1112-1140
Infatti a volte gli amanti sembrano combattere.
Tandem ubi se erupit nervis collecta cupido,
parva fit ardoris violenti pausa parumper.
Inde redit rabies eadem et furor ille revisit. 1115-1117
«Infine quando la brama raccolta si sprigiona dai nervi, / si produce una piccola pausa del violento ardore e per poco. / Poi torna la medesima furia e si ripresenta quella frenesia».
E non trovano espediente per vincere il male ma «si struggono per una ferita nascosta» (tabescunt vulnere caeco1). Si consumano le forze, la vita passa sottomessi al cenno di un’altra persona (alterius sub nutu degitur aetas, v. 1122), il patrimonio si consuma e soprattutto languent officia atque aegrotat fama vacillans, «stagnano i doveri e la fama incerta langue» (v. 1124). Segue un elenco delle spese sostenute per corteggiare l’amante, spese che sperperano bene parta patrum, «i beni dei padri onestamente prodotti» (v. 1129); e tutto questo però è fatto
nequiquam, quoniam medio de fonte leporum
surgit amari aliquid quod ipsis floribus angat, 1133-1134
«invano, poiché dal mezzo della fonte dei piaceri / sgorga un che di amaro che provoca angoscia proprio nei fiori».
I motivi di tale angoscia sono il pensiero di una vita sprecata senza far nulla, o perché una parola ambigua ha creato un equivoco e subentra la gelosia.
vv. 1141-1145
Atque in amore mala haec proprio summeque secundo
inveniuntur; in adverso vero atque inopi sunt,
prendere quae possis oculorum lumine operto,
innumerabilia; ut melius vigilare sit ante,
qua docui ratione, cavereque ne inliciaris. 1141-1145
«E questi mali si trovano in un amore che ci appartine e sommamente / favorevole; invece in uno contrario e per cui non ci sono risorse, / ce ne sono innumerevoli che puoi cogliere / a occhi chiusi; sicché è meglio stare in guardia prima, / con il sistema che ho insegnato, e stare attenti a non essere adescati».
Qui si conclude la descrizione della patologia e segue quella della terapia.

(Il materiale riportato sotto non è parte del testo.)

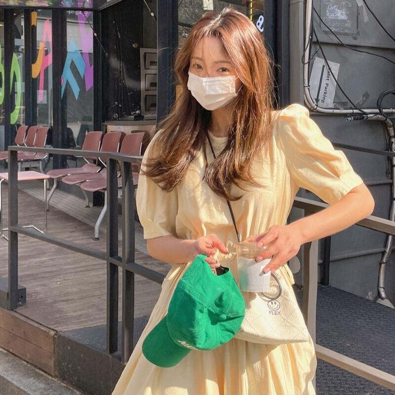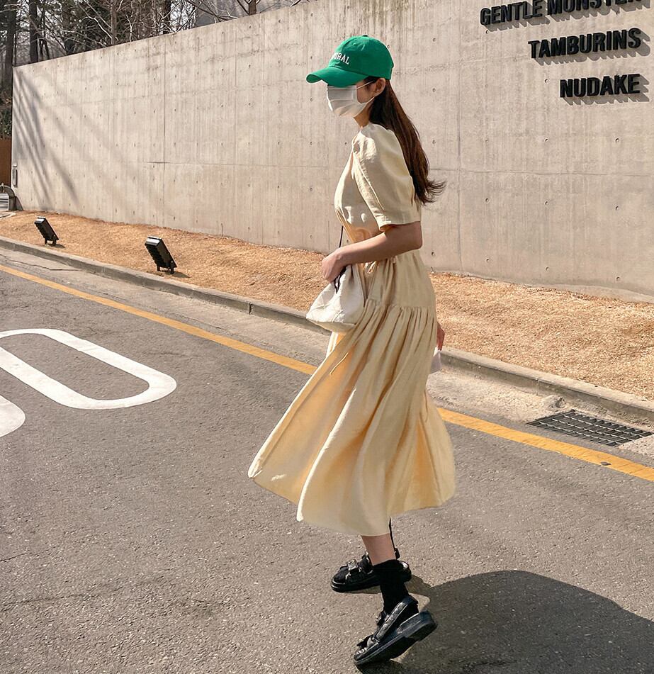 ラウンドネックイエロードレス サマールーズスリーブウェストロングスカート 大人ガーリー スウィート キュート カジュアル 夏物 Oネック 韓国婦人85713313338
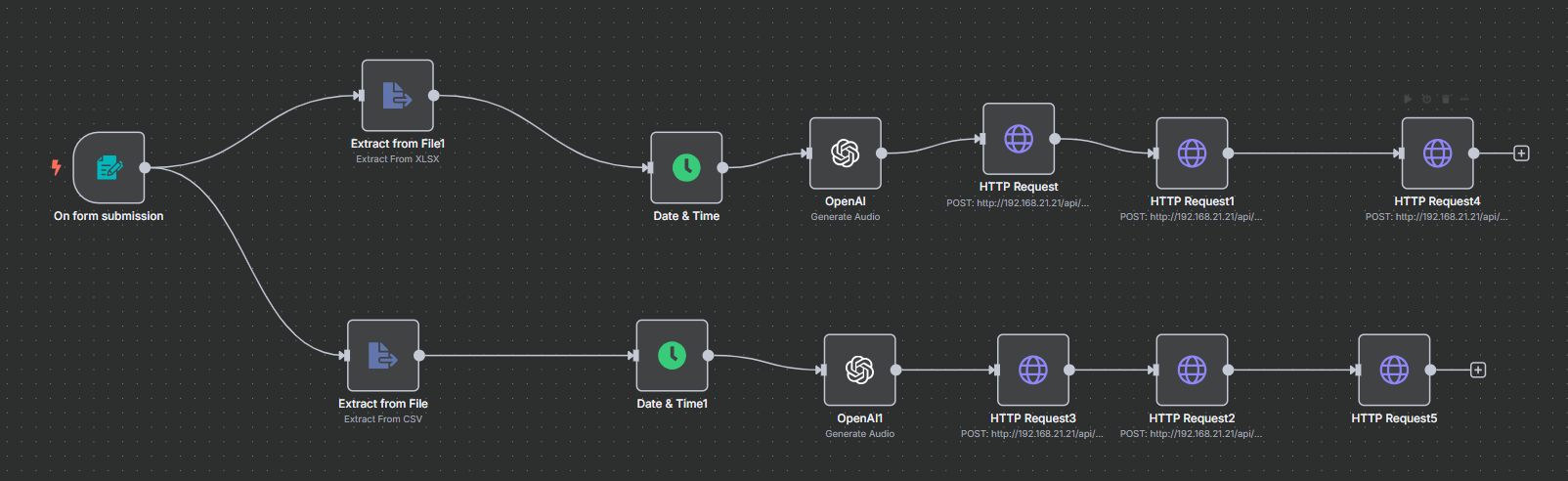 برای انجام این کار، باید یک نود جدید از نوع HTTP Request در محیط n8n ایجاد کرده و خروجی نود قبلی (که شامل id فایل صوتی آپلودشده است) را به آن متصل نمایید.
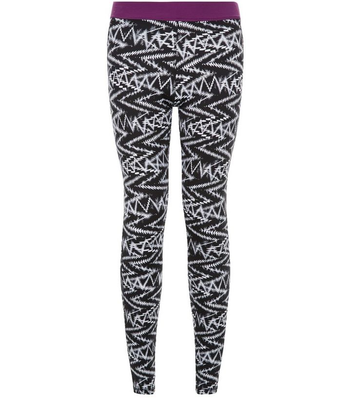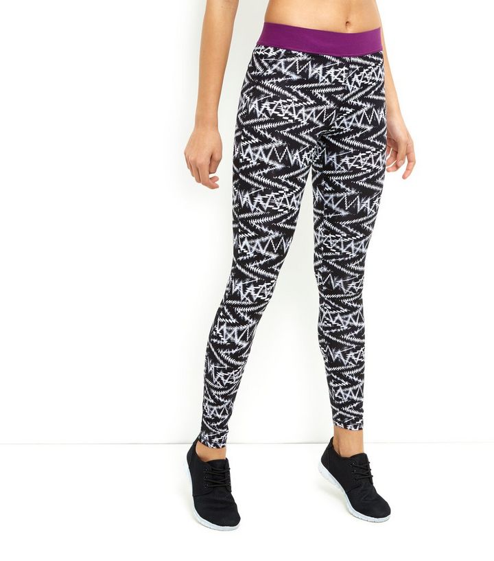 Schwarze Sport Leggings Mit Zickzack Muster New Look
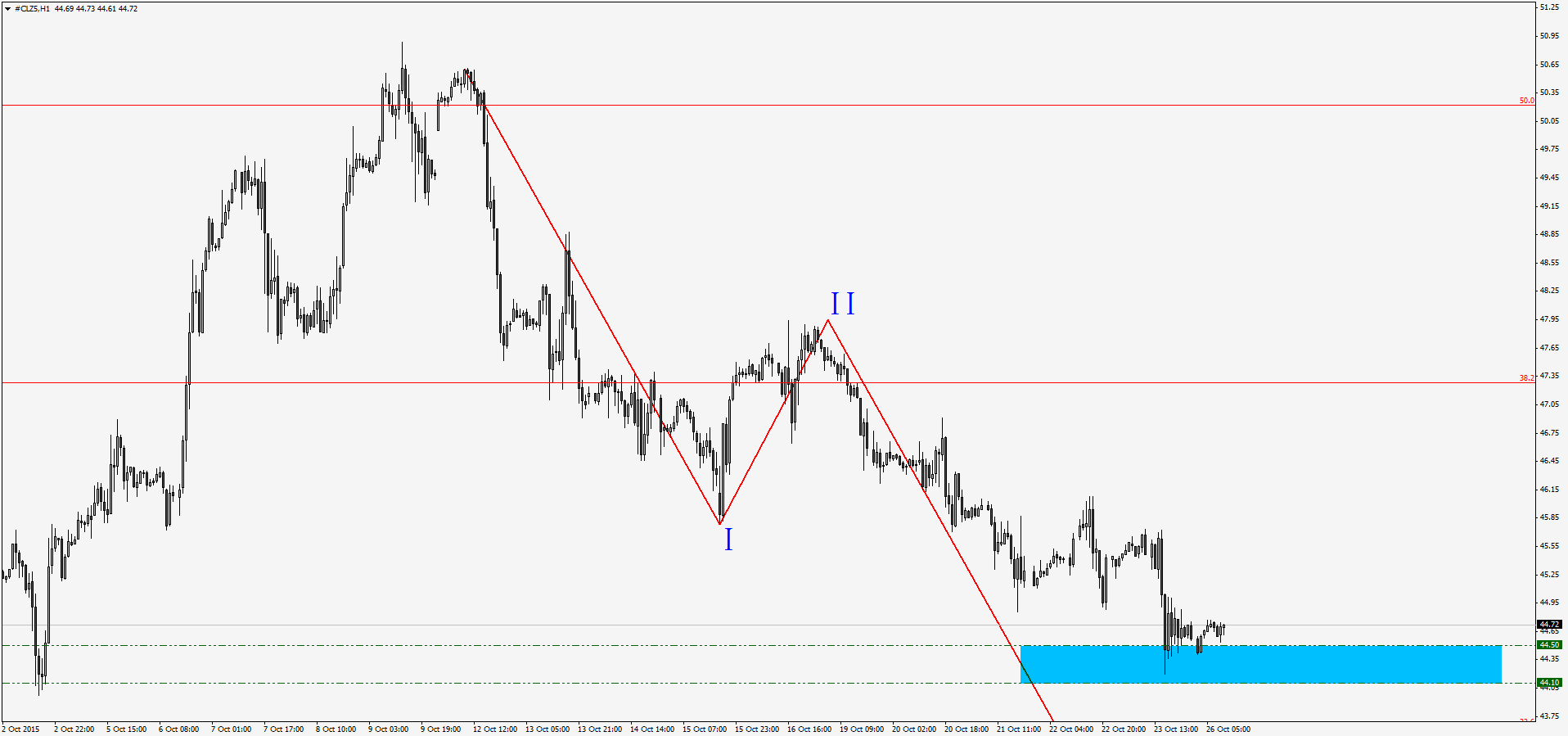Черное золото продолжает падать уверенно рисуя третью волну. В данной рыночной ситуации цена дошла к сильным уровням, которые являются поддержкой – это 44.50 и 44.10. Пробой и фиксация ниже выделенных уровней даст нам уверенность, что медвежье движение будет продолжено.
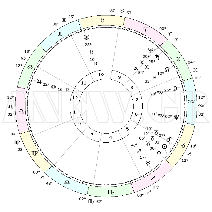 | | ΘΕΣΕΙΣ ΠΛΑΝΗΤΩΝ ΑΣΤΡΟΛΟΓΙΚΟΥ ΧΑΡΤΗ ΤΗΣ ΣΤΙΓΜΗΣ ΑΥΤΗΣ | | | | Πλανήτης | Ζώδιο | Μοίρες | Δεκαήμ. | Σε οίκο | Απόκλιση | | Ακμές των οίκων | | Ηλιος | Αιγόκερως | 03°08' | Πρώτο | 6 | 23 S 24 | | 1ος | 22°46' | Καρκίνος | | Σελήνη | Υδροχόος | 25°29' | Τρίτο | 8 | 14 S 19 | | 2ος | 13°24' | Λέων | | Ερμής | Τοξότης | 17°41' | Δεύτερο | 5 | 22 S 34 | | 3ος | 07°30' | Παρθένος | | Αφροδίτη | Αιγόκερως | 00°01' | Πρώτο | 6 | 23 S 39 | | 4ος | 07°32' | Ζυγός | | Αρης | Αιγόκερως | 07°07' | Πρώτο | 6 | 24 S 05 | | 5ος | 13°36' | Σκορπιός | | Δίας | Καρκίνος | 22°17'R | Τρίτο | 12 | 21 N 49 | | 6ος | 20°32' | Τοξότης | | Κρόνος | Ιχθείς | 25°54' | Τρίτο | 9 | 03 S 44 | | 7ος | 22°46' | Αιγόκερως | | Ουρανός | Ταύρος | 28°10'R | Τρίτο | 11 | 19 N 33 | | 8ος | 13°24' | Υδροχόος | | Ποσειδώνας | Ιχθείς | 29°26' | Τρίτο | 9 | 01 S 27 | | 9ος | 07°30' | Ιχθείς | | Πλούτωνας | Υδροχόος | 02°30' | Πρώτο | 7 | 23 S 16 | | 10ος | 07°32' | Κριός | | Β. Δεσμός | Ιχθείς | 12°33' | Δεύτερο | 9 | 06 S 51 | | 11ος | 13°36' | Ταύρος | | Ωροσκόπος | Καρκίνος | 22°46' | Τρίτο | | | 12ος | 20°32' | Δίδυμοι | | Μεσουράνημα | Κριός | 07°32' | Πρώτο | | | |

nam vitare, plăgas in amoris ne iaciamur,
non ita difficile est quam captum retibus ipsis
exire et validos Veneris perrumpere nodos.
et tamen implicitus quoque possis inque peditus
effugere infestum, nisi tute tibi obvius obstes
et praetermittas animi vitia omnia primum
aut quae corporis sunt eius, quam praepetis ac vis. vv. 1146-1152
«Infatti evitare di gettarsi nei lacci d’amore / non è così difficile quanto, una volta catturato nelle reti stesse, / uscirne e spezzare i saldi nodi di Venere. / E tuttavia anche una volta stretto nei lacci e inceppato potresti / schivare il pericolo, se non fossi tu a ostacolarti andondole incontro / e prima di tutto non lasciassi passare tutti i vizi dell’animo / o quelli del corpo, che ci sono, di colei che desideri al massimo e vuoi».
Il consiglio dunque è di pensare ai difetti dell’amante, cosa di cui si ricorderà Ovidio nei Remedia amoris.
1 Un’espressione quasi identica si trova in Virgilio, Eneide, IV, vv. 1-2 a proposito di Didone innamorata di Enea: At regina gravi iamdudum saucia cura / vulnus alit venis et caeco carpitur igni, «Ma la regina già da tempo ferita da pesante affanno / nutre la ferita nelle vene ed è consumata da un fuoco nascosto». In Virgilio l’amore è ancora più esecrato che in Lucrezio.